Comment by crabbone
3 hours ago
Another part of the equation is practice.
Long before the discussion of the morality of AI went mainstream, I ran into a problem with making what appeared to be ethical choices in automation, and then went on a journey of trying to figure this all ethics thing out (took courses in university, read some books...)
I made an unexpected discovery reading Jonathan Haid's... either Righteous Mind or the Happiness Hypothesis. He claimed that practicing ethics, as is common in religious societies is an integral and important part of being a good person. This is while secular societies often disregard this aspect and imagine ethics to be something you learn exclusively by reading books or engaging in similar activity that has exclusively the descriptive side, but no practice whatsoever.
I believe this is the same with expertise. Part of it is gained through practice, and that is an unskippable part. Practice will also usually require more time than the meta-discussion of the subject.
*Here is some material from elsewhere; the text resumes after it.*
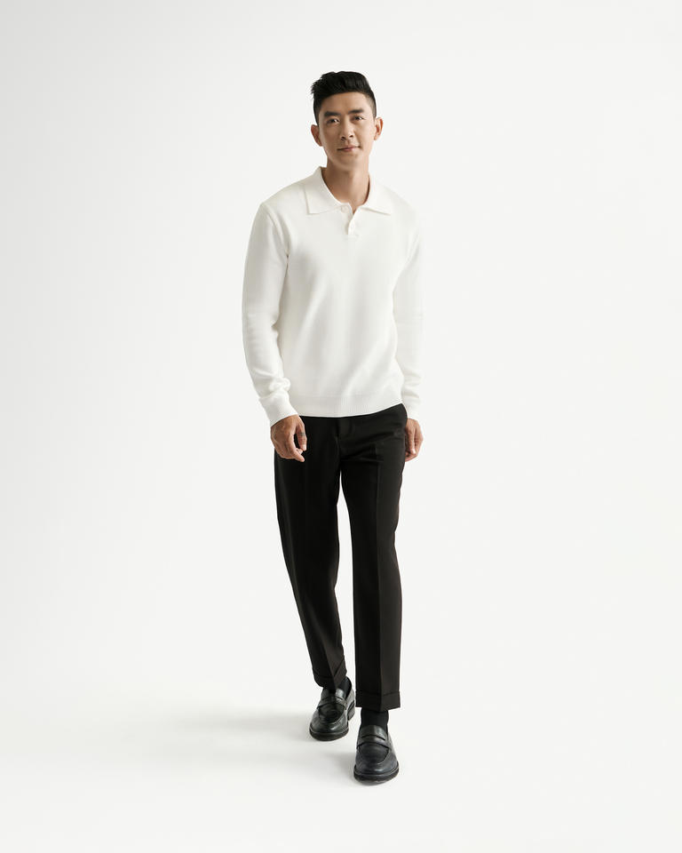 เสื้อโพลีสีกาแฟถักแขนยาวลำลองสำหรับผู้ชายสำหรับเสื้อเชิ้ตมีโลโก้คอเสื้อเข้ารูปแบบเวียดนาม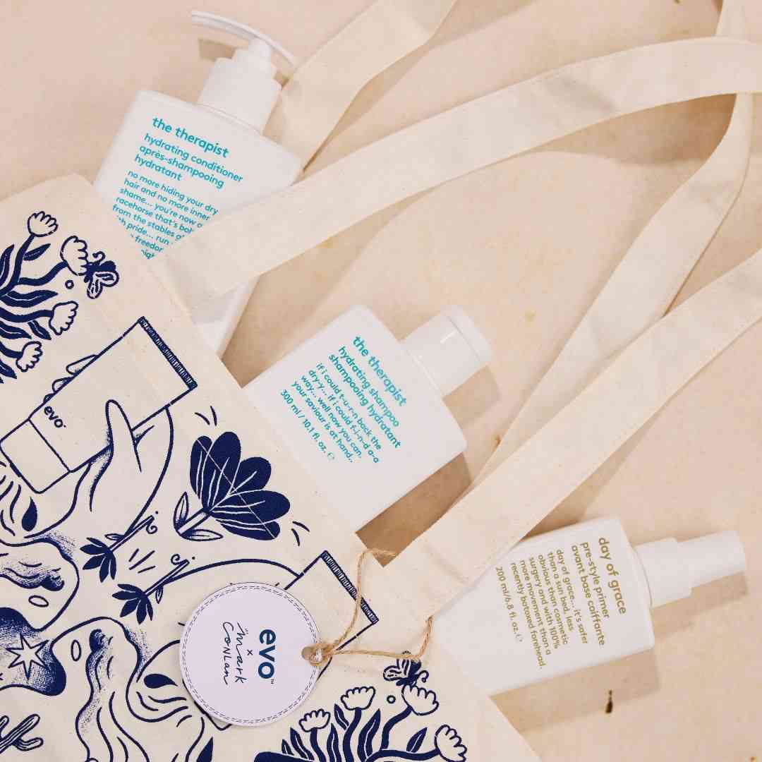 no diggity… you should bag this up. in here is everything one needs to make heads and shoulders turn. the good givin' gift set in hydrate includes a free day of grace pre-style primer and a limited edition mark conlan x evo tote bag.

To oversimplify it, a novice programmer who listened to every story told by a senior, memorized and internalized them, but sill can't touch-type will be worse at everyday tasks pertaining to their occupation. It's not enough to know touch-typing exists, one must practice it and become good at it in order to benefit from it. There are, of course, more, but less obvious skills that need practice, where meta-knowledge simply can't be used as a substitute. There are cues we learn to pick up by reading product documentation which will tell us if the product will work as advertised, whether the product manufacturer will be honest or fair with us, will the company making the product go out of business soon or will they try to bait-and-switch etc.
When children learn to do addition, it's not enough to describe to them the method (start counting with first summand, count the number of times of the second summand, the last count is the result), they actually must go through dozens of examples before they can reliably put the method to use. And this same property carries over to a lot of other activities, even though we like to think about ourselves as being able to perform a task as soon as we understand the mechanism.